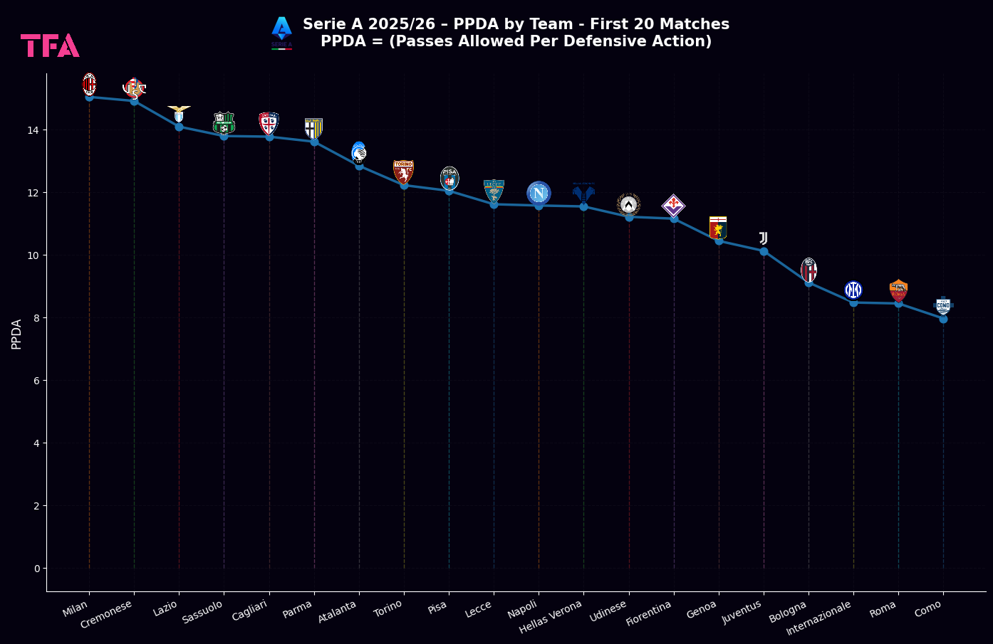 Serie A 2025/2026 PPDA First 20 Matches
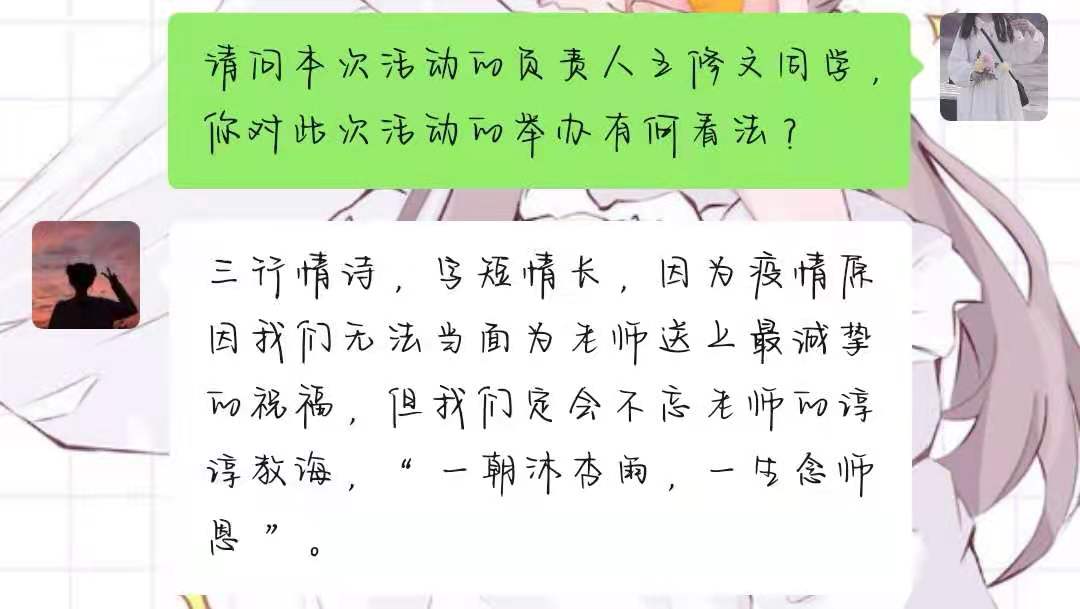 本次活动的负责人王修文同学表示:“三行情诗,字短情长,因为疫情原因我们无法当面为老师送上最诚挚的祝福,但我们定会不忘老师的谆谆教诲,'一朝沐杏雨,一生念师恩。”
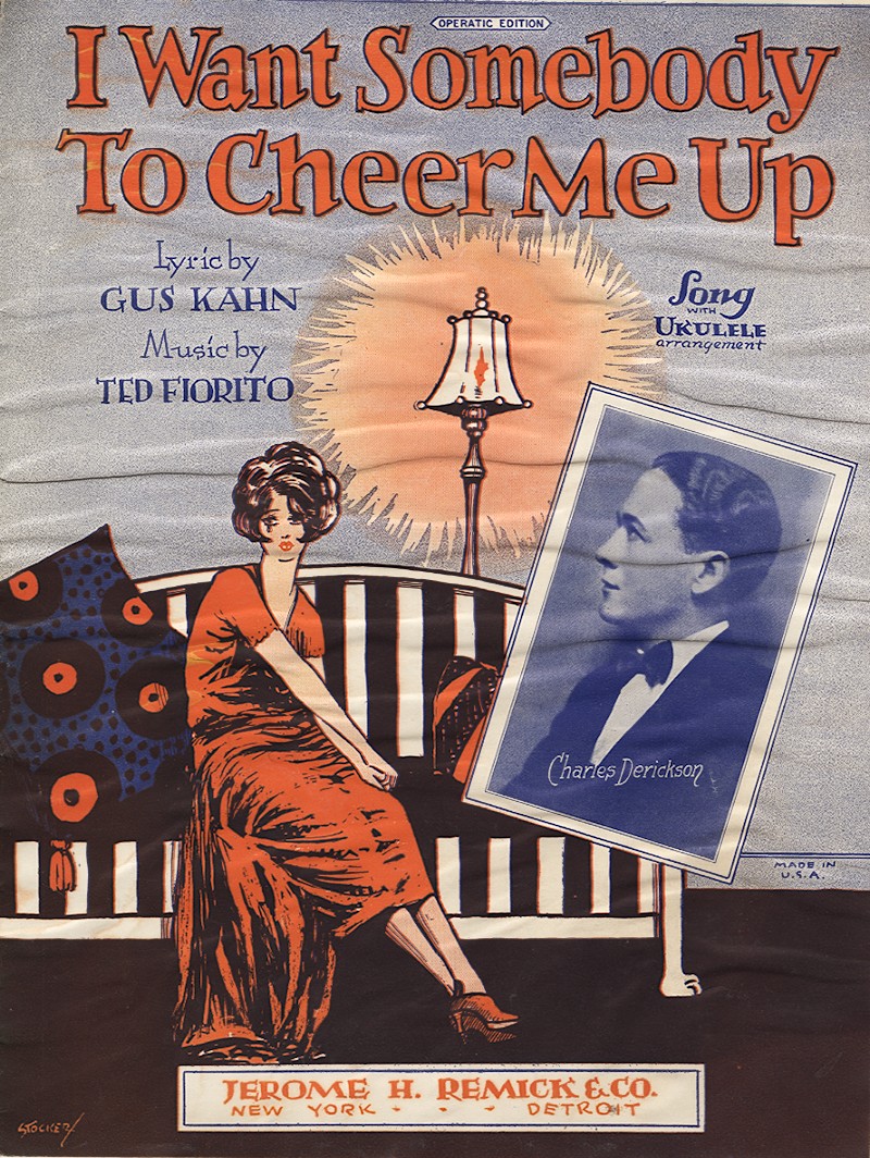 Portrait of Charles Derickson; Lady sitting on a sofa [illustration]

________________

* _Task objective_
Give every line above again exactly, omitting whatever pictures appear.

* _Written response_
 Serie A 2025/2026 PPDA First 20 Matches
 本次活动的负责人王修文同学表示:“三行情诗,字短情长,因为疫情原因我们无法当面为老师送上最诚挚的祝福,但我们定会不忘老师的谆谆教诲,'一朝沐杏雨,一生念师恩。”
 Portrait of Charles Derickson; Lady sitting on a sofa [illustration]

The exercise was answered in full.